Summarized from #chime-analysis on Slack:
Answer: At that point, it’s the number of people who have ever been hospitalized (i.e. the hosp*share fraction of the people who have ever been infected).
Followup question: How do we think about patients who spend some days in hospital not ICU and some days in ICU?
Answer: Since ever infected is cumulative, the difference is equivalent to new daily admissions. The LOS parameters are used to calculate the daily census in combination with the daily admissions.
Todos:
- [ ] update end user docs (@Hanisha13)
- [ ] update code comments to clarify (up for grabs)
Thank-You @mishmosh ! I mean why do we want to add r * hosp_rate * market_share where r (recovered) is from SIR model since they are recovered, which suggests they might no longer need hospital bed resource. Thanks!
@cjbayesian can you answer this question?
I was wondering the same thing. The change from the original formulation and the rationale for the change as I have been able to find are referenced here in issue 189 I find myself of a similar mind to @cls3415 and would also be interested to see further clarification on this.
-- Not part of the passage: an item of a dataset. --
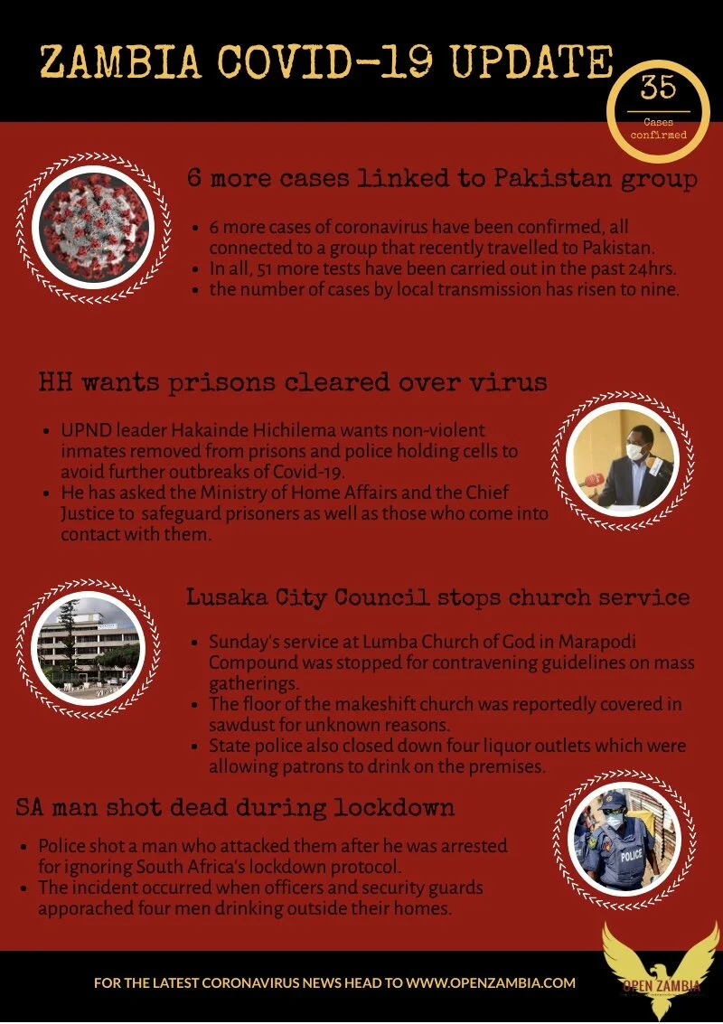 Coronavirus Update: 35 Cases Confirmed Open ZambiaMarch 30, 2020Comment Facebook0 Twitter Pinterest0 0 Likes
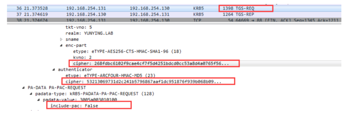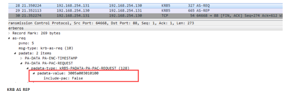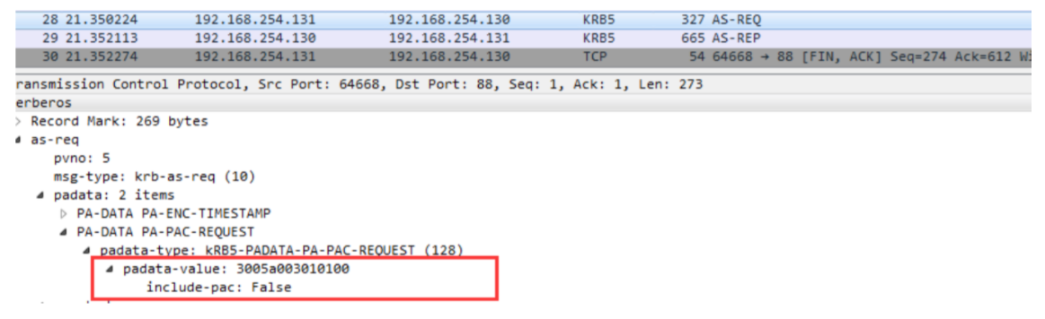 通过 PCAP 包可以更直观的看到在 AS-REQ 请求中的 include-pac:False 字段。这是造成这个漏 洞的第一个因素。

@jpettit2 @cls3415 The cumulative sums of the three dispositions are shifted by their lengths of stay/days parameters and then subtracted to remove patients. Note that the infectious_days in the SIR model is independent of the days spent in each disposition for census. Likely, patients were infectious before their condition deteriorated enough to go to the hospital.
I am not a doctor, but presumably a patient could still need serious care even if they are on the recovered/recovery side (no longer infectious). The defaults of infectious_days: 14, average days on ventilator of 10, and the variable number of days before admit, certainly suggest that this is the case.
@jpettit2 @cls3415 I put together a notebook yesterday to try to clarify for myself (and hopefully others) exactly how the resource related computations are done. It has the math that shows why the patients = raw_df.infected + raw_df.recovered line is needed and a bunch of explanation and annotated code that you might find helpful.